● Data records:
══════════
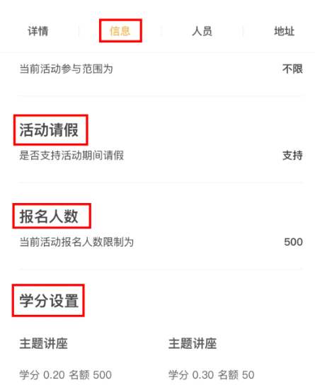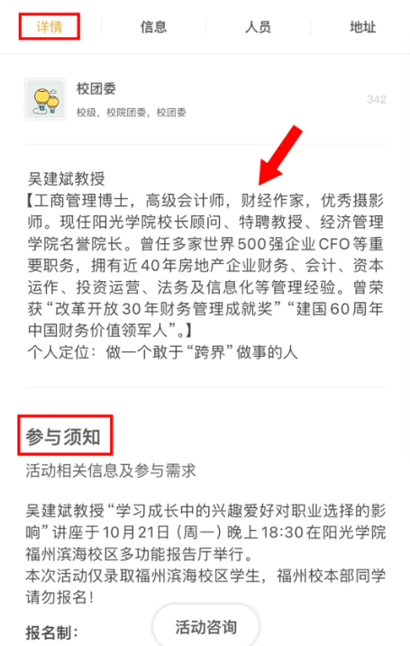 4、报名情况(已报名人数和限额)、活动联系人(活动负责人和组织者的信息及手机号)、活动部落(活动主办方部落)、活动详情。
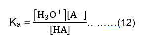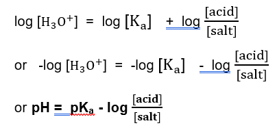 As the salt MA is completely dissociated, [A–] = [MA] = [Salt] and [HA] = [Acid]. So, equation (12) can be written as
══════════
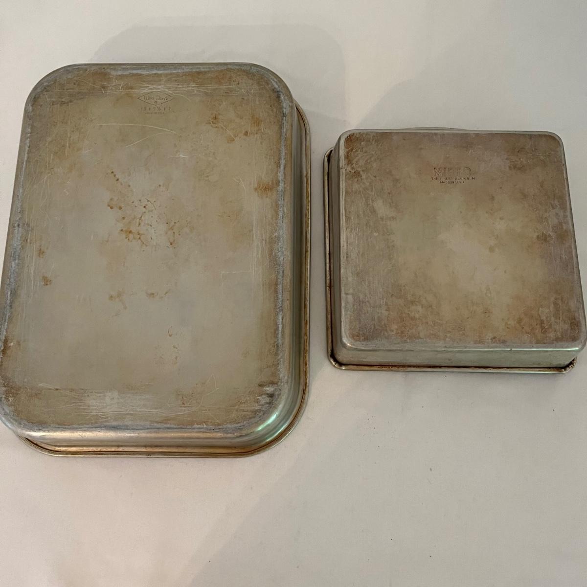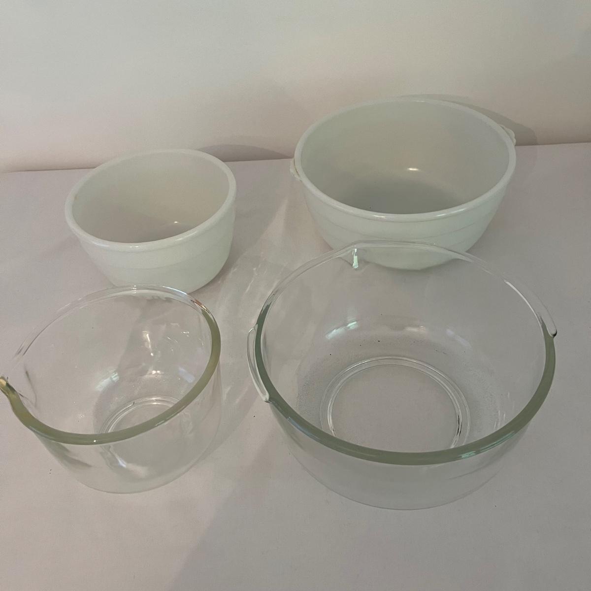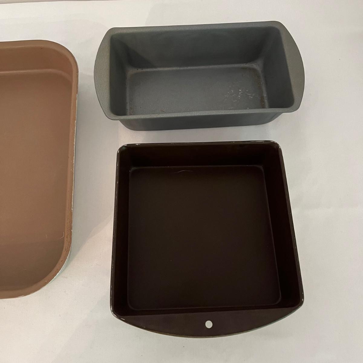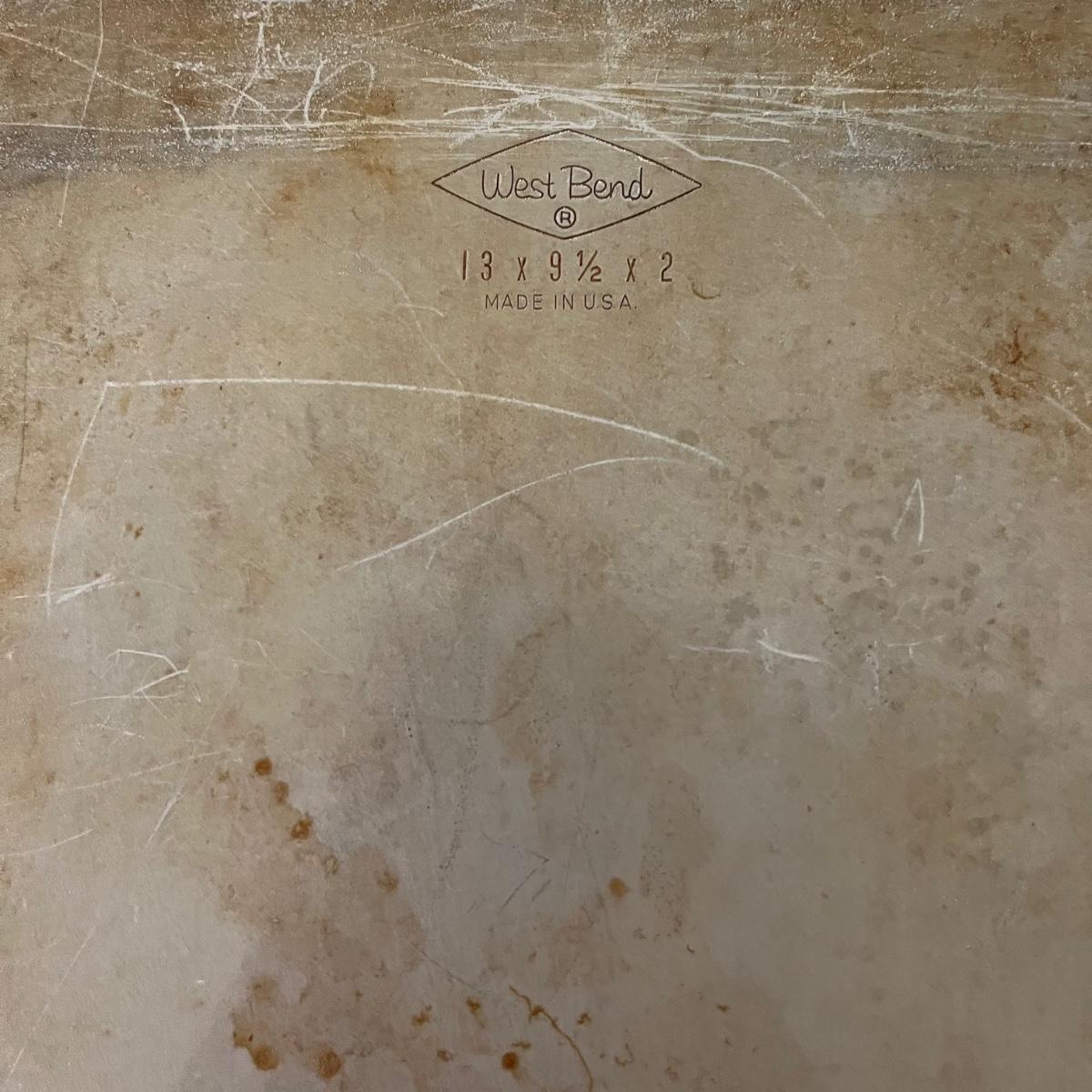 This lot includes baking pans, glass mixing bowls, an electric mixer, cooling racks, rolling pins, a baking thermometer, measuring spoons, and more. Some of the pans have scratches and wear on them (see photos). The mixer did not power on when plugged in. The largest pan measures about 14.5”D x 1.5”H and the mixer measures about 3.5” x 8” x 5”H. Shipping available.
══════════
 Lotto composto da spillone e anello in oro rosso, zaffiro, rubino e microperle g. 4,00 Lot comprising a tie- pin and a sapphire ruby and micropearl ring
══════════
● What to work on:
In the listing above, find the line with "4、报名情况(已报名人数和限" and the line with "As the salt". Copy exactly those lines and all between them, minus the images.

● Your response:
 4、报名情况(已报名人数和限额)、活动联系人(活动负责人和组织者的信息及手机号)、活动部落(活动主办方部落)、活动详情。
 As the salt MA is completely dissociated, [A–] = [MA] = [Salt] and [HA] = [Acid]. So, equation (12) can be written as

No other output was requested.